Material for this exercise:
★ ★ ★ ★ ★ ★ ★

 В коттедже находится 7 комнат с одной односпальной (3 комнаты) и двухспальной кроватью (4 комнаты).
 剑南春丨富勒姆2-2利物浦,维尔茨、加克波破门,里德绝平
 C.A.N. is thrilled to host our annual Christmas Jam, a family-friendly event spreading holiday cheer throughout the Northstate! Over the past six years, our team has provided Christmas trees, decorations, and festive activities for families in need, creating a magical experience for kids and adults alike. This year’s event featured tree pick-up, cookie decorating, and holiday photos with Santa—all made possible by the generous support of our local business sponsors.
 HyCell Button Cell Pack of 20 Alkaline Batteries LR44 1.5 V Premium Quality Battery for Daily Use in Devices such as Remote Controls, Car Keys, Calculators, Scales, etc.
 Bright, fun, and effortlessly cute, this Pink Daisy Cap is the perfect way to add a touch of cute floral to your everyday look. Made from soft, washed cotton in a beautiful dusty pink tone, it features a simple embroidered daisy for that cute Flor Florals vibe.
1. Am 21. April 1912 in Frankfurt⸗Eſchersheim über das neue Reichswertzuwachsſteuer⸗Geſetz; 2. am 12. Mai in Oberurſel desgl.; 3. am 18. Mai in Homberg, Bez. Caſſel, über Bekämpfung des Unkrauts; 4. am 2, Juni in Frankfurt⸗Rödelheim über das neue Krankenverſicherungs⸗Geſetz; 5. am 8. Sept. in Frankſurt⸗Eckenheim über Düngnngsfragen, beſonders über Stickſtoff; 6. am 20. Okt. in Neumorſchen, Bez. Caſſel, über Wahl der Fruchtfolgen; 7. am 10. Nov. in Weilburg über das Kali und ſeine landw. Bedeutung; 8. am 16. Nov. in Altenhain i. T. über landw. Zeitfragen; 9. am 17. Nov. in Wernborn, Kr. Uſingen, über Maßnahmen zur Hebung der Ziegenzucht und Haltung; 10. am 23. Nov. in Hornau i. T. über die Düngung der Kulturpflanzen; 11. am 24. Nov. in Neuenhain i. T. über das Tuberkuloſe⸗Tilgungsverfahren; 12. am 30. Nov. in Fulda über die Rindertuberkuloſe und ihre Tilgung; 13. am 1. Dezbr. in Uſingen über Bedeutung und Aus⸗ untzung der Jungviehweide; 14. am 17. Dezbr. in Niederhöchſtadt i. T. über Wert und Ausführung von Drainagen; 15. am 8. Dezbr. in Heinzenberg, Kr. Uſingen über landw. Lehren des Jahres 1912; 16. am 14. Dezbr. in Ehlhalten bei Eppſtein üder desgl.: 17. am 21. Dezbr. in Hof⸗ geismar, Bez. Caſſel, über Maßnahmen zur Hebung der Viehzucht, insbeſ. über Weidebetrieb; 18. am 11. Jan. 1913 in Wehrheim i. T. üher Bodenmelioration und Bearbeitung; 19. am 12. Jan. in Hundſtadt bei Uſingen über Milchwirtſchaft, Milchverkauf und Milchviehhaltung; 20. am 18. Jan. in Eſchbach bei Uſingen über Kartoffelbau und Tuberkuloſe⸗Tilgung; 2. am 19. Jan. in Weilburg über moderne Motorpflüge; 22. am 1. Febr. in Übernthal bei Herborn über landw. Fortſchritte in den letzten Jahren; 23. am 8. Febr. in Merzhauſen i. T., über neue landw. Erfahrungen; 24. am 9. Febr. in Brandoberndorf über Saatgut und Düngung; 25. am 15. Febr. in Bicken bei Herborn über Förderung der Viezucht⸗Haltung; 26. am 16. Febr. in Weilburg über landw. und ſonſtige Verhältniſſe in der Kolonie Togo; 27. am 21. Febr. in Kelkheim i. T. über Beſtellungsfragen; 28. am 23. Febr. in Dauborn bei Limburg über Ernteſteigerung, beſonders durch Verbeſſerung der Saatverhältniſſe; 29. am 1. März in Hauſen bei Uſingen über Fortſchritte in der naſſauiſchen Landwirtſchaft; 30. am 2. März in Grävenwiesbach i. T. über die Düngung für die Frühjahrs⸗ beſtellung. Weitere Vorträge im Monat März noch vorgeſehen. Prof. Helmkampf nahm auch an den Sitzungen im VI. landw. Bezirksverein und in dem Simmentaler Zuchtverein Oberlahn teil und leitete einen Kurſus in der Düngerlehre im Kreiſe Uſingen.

★ ★ ★ ★ ★ ★ ★

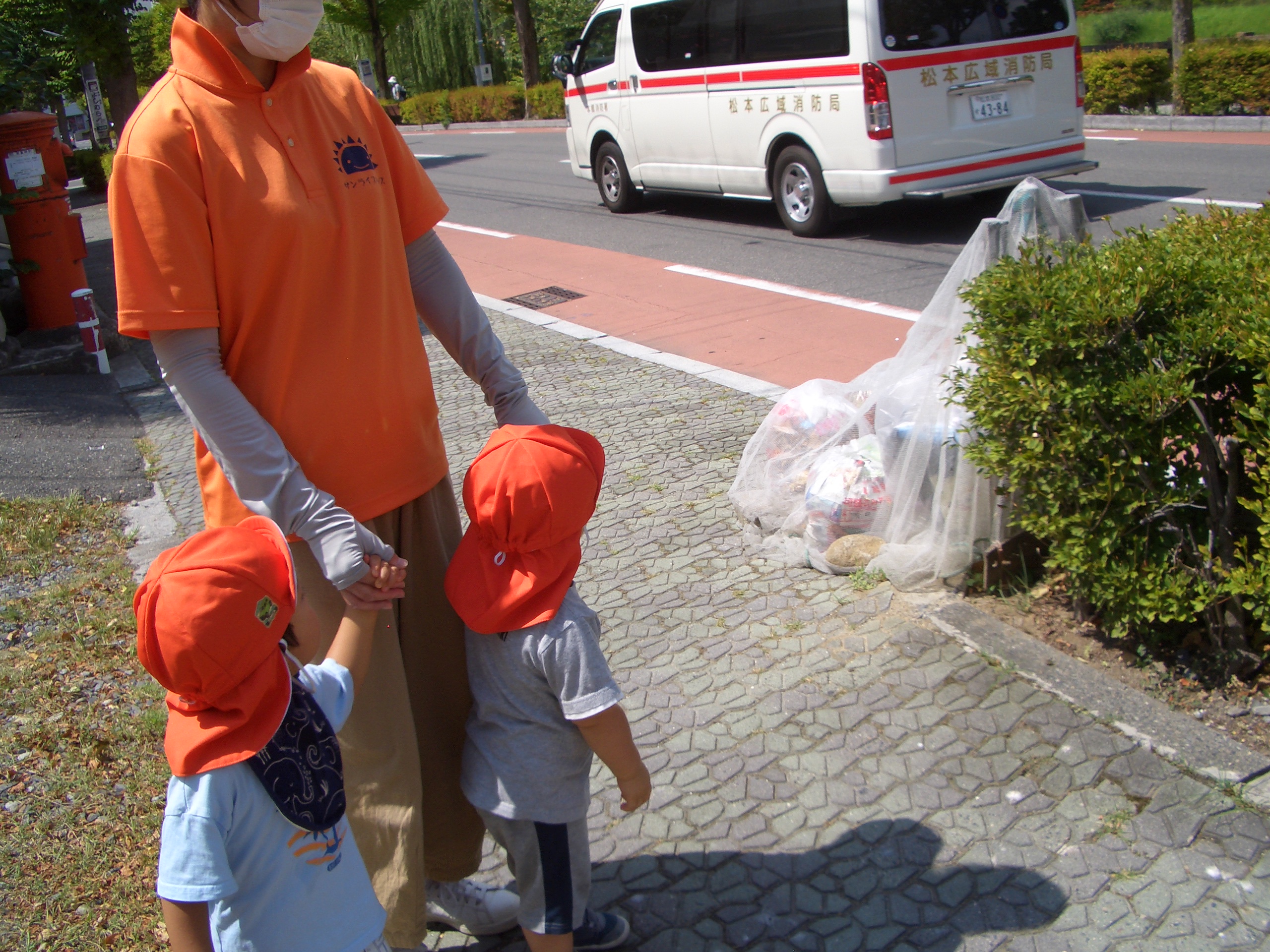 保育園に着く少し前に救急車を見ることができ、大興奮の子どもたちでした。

★ ★ ★ ★ ★ ★ ★

Task: Would you print exactly and only the lines of the material above that run from the line with "剑南春丨富勒姆2-2利物浦,维尔茨、加克波破门,里德绝平" through the line with "Bright, fun, and", both included?

Written solution:
 剑南春丨富勒姆2-2利物浦,维尔茨、加克波破门,里德绝平
 C.A.N. is thrilled to host our annual Christmas Jam, a family-friendly event spreading holiday cheer throughout the Northstate! Over the past six years, our team has provided Christmas trees, decorations, and festive activities for families in need, creating a magical experience for kids and adults alike. This year’s event featured tree pick-up, cookie decorating, and holiday photos with Santa—all made possible by the generous support of our local business sponsors.
 HyCell Button Cell Pack of 20 Alkaline Batteries LR44 1.5 V Premium Quality Battery for Daily Use in Devices such as Remote Controls, Car Keys, Calculators, Scales, etc.
 Bright, fun, and effortlessly cute, this Pink Daisy Cap is the perfect way to add a touch of cute floral to your everyday look. Made from soft, washed cotton in a beautiful dusty pink tone, it features a simple embroidered daisy for that cute Flor Florals vibe.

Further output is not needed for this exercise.